Thomas Jefferson High School Was built on property owned by two separate land owners. One of the original properties was part of Chamberlin Farm and served as the main orchard. Land was acquired by emanate domain to build the original High School. High School serves grades nine through twelve with a current enrollment of approximately 1,000 students in a community of approximately 20,150 residents comprising West Elizabeth, Jefferson Hills and Pleasant Hills Borough. Thomas Jefferson High School provides a comprehensive academic program and competitive athletics. Approximately seventy percent of graduating seniors go on to four-year college programs.

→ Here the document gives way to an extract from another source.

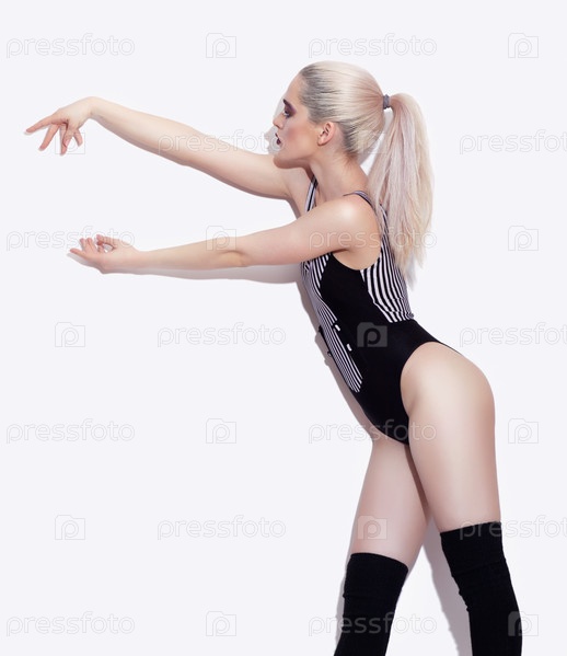 Портрет молодой красивой женщины, одетой в полосатый купальник, позирующей у стены

A brand-new 300,000 square-foot building officially opened its doors for the 2019–2020 school year. The new Thomas Jefferson High School has three main components which include an Arts Wing, Academic Wing, and Athletic Wing with the main entry architecture modeled after Thomas Jefferson's Monticello. A beautiful mural commissioned by TJ Arts flanks the atrium and features a large-scale portrait of Thomas Jefferson by Dennis Stocke, local artist and art teacher at Boyce Middle School in the Upper St. Clair School District. The state-of-the-art high school is designed to maximize learning through diverse, collaborative, technology-rich spaces and support a variety of teaching methods to meet the needs of every student and personalize learning for years to come.

===Pleasant Hills Middle School===

Pleasant Hills Middle School is located in the Pleasant Hills Borough at 404 Old Clairton Road. The school serves students in sixth, seventh, and eighth grades. The school was constructed in 1965 and recently celebrated its 50th anniversary. A major renovation was completed in 2004 providing an upgrade to classrooms, facilities and additional learning spaces.

===Jefferson Hills Intermediate School===
Jefferson Hills Intermediate School currently has an enrollment of approximately 750 students in grades 3–5 built around personalized learning and customization to meet the needs of every student. In addition to the core academic areas, students attend art, music, physical education, and library on a weekly rotation. Additionally, students also will have the opportunity to participate in an instrumental band and choral program beginning in fourth grade.

Mr. Very is the principal of Jefferson Hills Intermediate School.

===Gill Hall Elementary===
Gill Hall Elementary is one of two K-2 elementary schools in the West Jefferson Hills School District. Gill Hall was originally built in 1955 with only 8 classrooms, and was renovated in 1962, 1992, and 2002.Mr. Adam Zunic is the principal of Gill Hall Elementary School. Gill Hall is a primary school with over 300 students enrolled in K-2. There are four to five classrooms of each level with class sizes ranging from 19 to 28 students. There are 13 regular classroom teachers, as well as part- or full-time music, art, physical education, library, gifted, writing, science, and learning support teachers. Gill Hall also has a part-time school counselor, as well as a full-time school police officer. Curriculum and Instruction are based on the WJHSD core values of personalizing instruction to the meet the needs of each student. A 10 classroom addition and renovation were completed in November 2019 to accommodate increasing enrollment. In 2015, Gill Hall was ranked as the 4th leading elementary school in Allegheny County.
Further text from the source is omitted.